Data for review:
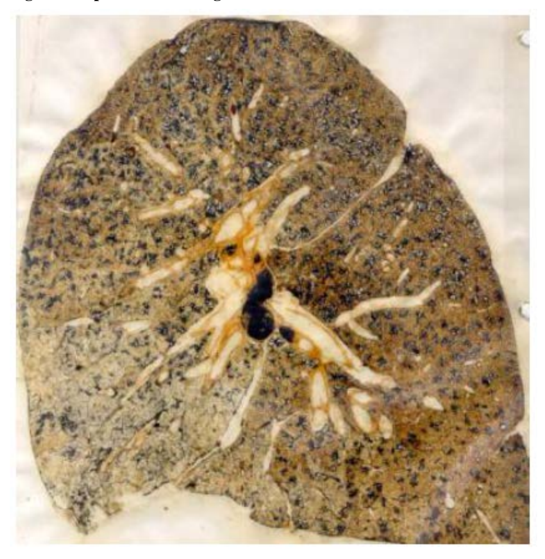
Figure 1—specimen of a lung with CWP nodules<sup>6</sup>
---
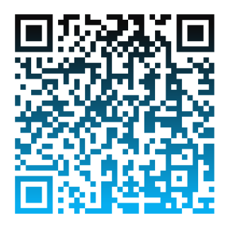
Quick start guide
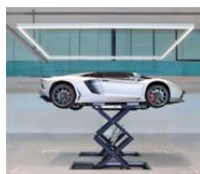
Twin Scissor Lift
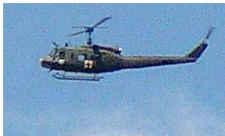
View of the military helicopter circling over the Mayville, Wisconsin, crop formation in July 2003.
* * *
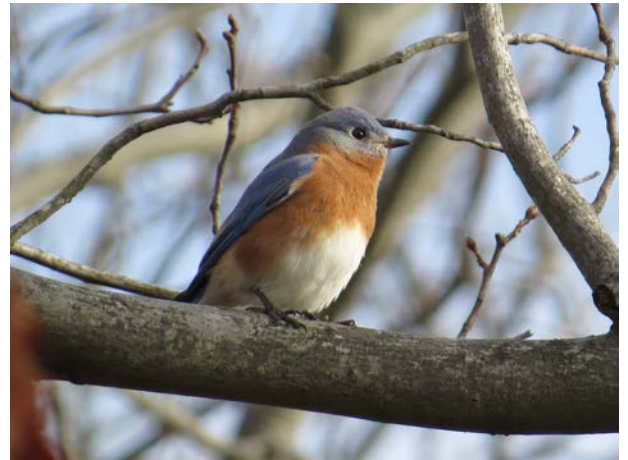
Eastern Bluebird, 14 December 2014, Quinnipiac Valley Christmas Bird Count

Requirement: Both the line containing "Twin Scissor Lift" and the line containing "View of the" above belong in the output, as do the lines between them. Print them exactly, without pictures.

Response below:
Twin Scissor Lift
View of the military helicopter circling over the Mayville, Wisconsin, crop formation in July 2003.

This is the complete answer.